-------- Entries shown --------

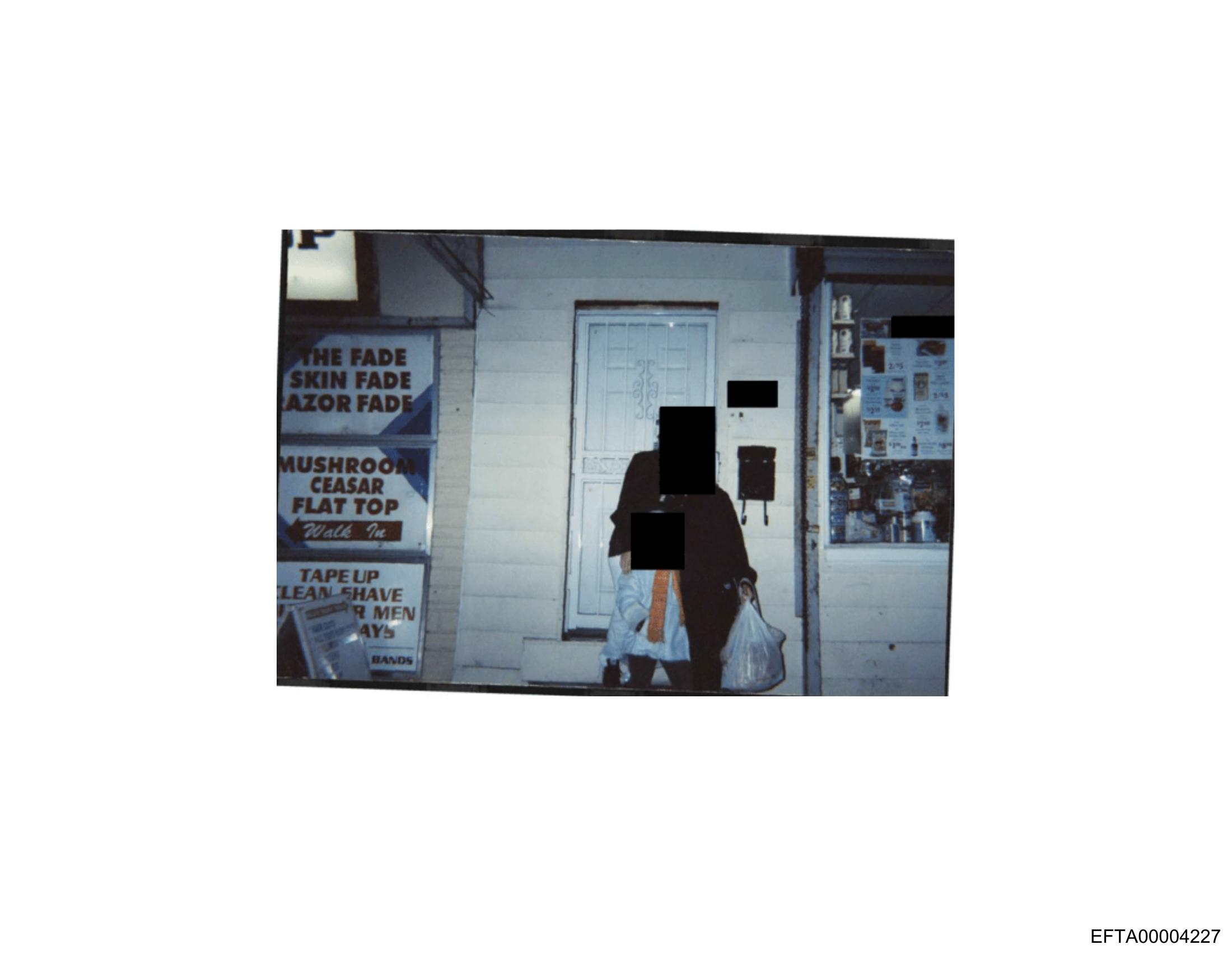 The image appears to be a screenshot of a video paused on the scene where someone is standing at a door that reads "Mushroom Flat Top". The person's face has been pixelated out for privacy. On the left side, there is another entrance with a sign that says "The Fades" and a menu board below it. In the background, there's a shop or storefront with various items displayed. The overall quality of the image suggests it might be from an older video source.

--------
-------- Entries shown --------

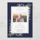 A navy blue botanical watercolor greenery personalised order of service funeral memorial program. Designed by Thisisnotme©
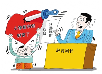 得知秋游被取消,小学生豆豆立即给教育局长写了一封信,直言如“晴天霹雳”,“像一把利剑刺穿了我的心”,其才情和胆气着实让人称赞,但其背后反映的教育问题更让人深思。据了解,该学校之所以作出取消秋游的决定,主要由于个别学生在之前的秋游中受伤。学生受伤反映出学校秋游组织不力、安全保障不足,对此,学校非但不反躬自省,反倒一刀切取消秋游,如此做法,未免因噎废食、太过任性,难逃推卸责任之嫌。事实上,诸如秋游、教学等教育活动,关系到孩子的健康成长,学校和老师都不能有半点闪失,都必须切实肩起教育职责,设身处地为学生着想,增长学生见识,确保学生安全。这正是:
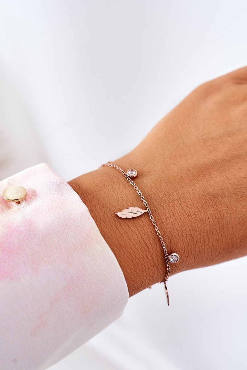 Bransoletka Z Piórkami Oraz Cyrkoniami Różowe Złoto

--------

> **What you need to do**:
Word for word, repeat the lines above from the one with "A navy blue" through the one with "Bransoletka Z Piórkami", and nothing beyond them. Omit the pictures.

> **Solution for this task**:
 A navy blue botanical watercolor greenery personalised order of service funeral memorial program. Designed by Thisisnotme©
 得知秋游被取消,小学生豆豆立即给教育局长写了一封信,直言如“晴天霹雳”,“像一把利剑刺穿了我的心”,其才情和胆气着实让人称赞,但其背后反映的教育问题更让人深思。据了解,该学校之所以作出取消秋游的决定,主要由于个别学生在之前的秋游中受伤。学生受伤反映出学校秋游组织不力、安全保障不足,对此,学校非但不反躬自省,反倒一刀切取消秋游,如此做法,未免因噎废食、太过任性,难逃推卸责任之嫌。事实上,诸如秋游、教学等教育活动,关系到孩子的健康成长,学校和老师都不能有半点闪失,都必须切实肩起教育职责,设身处地为学生着想,增长学生见识,确保学生安全。这正是:
 Bransoletka Z Piórkami Oraz Cyrkoniami Różowe Złoto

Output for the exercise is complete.